Financial Reporting Measure means a measure that is determined and presented in accordance with the accounting principles used in preparing the Companys financial statements (including non-GAAP financial measures, such as those appearing in the Companys earnings releases or Managements Discussion and Analysis), and any measures that are derived wholly or in part from such measures (including stock price and total shareholder return). Examples of Financial Reporting Measures include, without limitation, measures based on: revenues, net income, operating income, financial ratios, EBITDA, funds from operations and adjusted funds from operations, liquidity measures, return measures (such as return on assets), earnings measures (e.g., earnings per share), profitability of one or more segments, cost per employee where cost is subject to a Restatement, any of such financial measures relative to a peer group where the Financial Reporting Measure is subject to a Restatement, and tax basis income. A Financial Reporting Measure need not be presented within the financial statements or included in a filing with the SEC.
Impracticable means that the Compensation Committee has determined in good faith that recovery of Recoverable Compensation would be Impracticable because: (i) pursuing such recovery would violate any home country law where that law was adopted prior to November 28, 2022, and the Company provides an opinion of home country counsel acceptable to Nasdaq that recovery would result in such a violation, and such opinion is provided to Nasdaq; (ii) the direct expense paid to a third party to assist in enforcing this Policy would exceed the Recoverable Compensation and the Company has (A) made a reasonable attempt to recover such amounts; and (B) provided documentation of such attempts to recover to Nasdaq; or (iii) recovery would likely cause an otherwise tax-qualified retirement plan, under which benefits are broadly available to employees of the Company, to fail to meet the requirements of the Code in each case, in accordance with Dodd-Frank and the Listing Standards.

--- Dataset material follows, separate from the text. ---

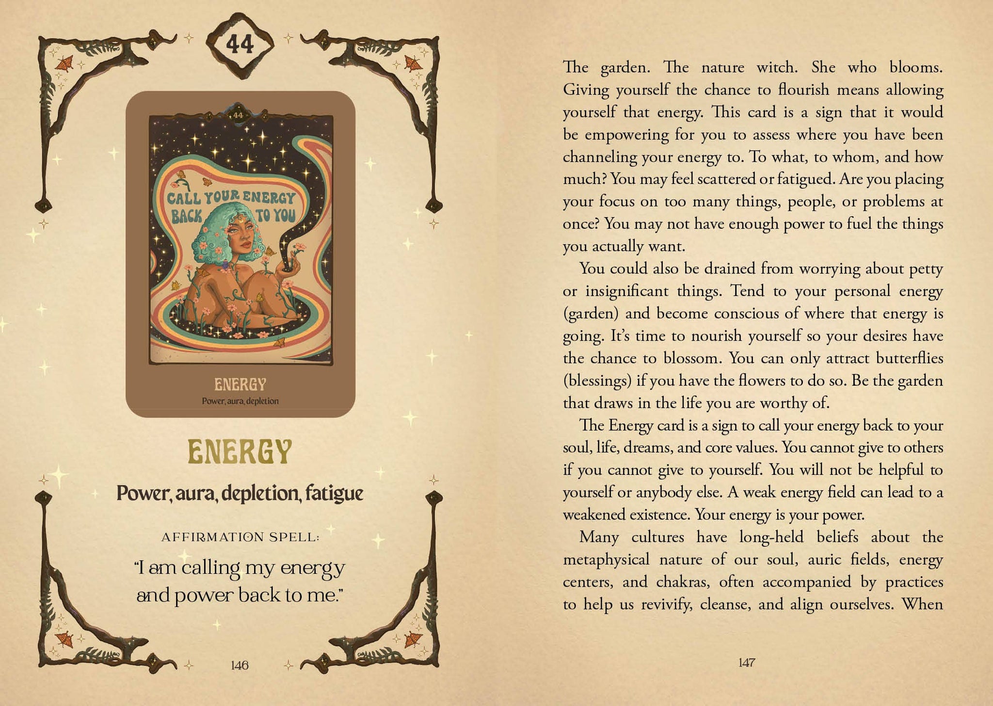 This enchanting oracle deck invites you on a storytelling adventure through witches, grandmother trees, ancient archetypes, and sparkling portals. Each card carries practical wisdom, rituals, and manifestation practices that you can weave into your daily life, along with an empowering affirmation spell to cast upon yourself.

Incentive-Based Compensation means any compensation that is granted, earned, or vested based wholly or in part upon the attainment of a Financial Reporting Measure. Incentive-Based Compensation does not include any base salaries (except with respect to any salary increases earned wholly or in part based on the attainment of a Financial Reporting Measure); bonuses paid solely at the discretion of the Compensation Committee or the Board that are not paid from a bonus pool that is determined by satisfying a Financial Reporting Measure; bonuses paid solely upon satisfying one or more subjective standards and/or completion of a specified employment period; non-equity incentive plan awards earned solely upon satisfying one or more measures that are not a Financial Reporting Measure; and equity awards that vest solely based on the passage of time and/or attaining one or more measures that, in each case, are not based wholly or in part upon the attainment of a Financial Reporting Measure.
Nasdaq means the Nasdaq Global Market.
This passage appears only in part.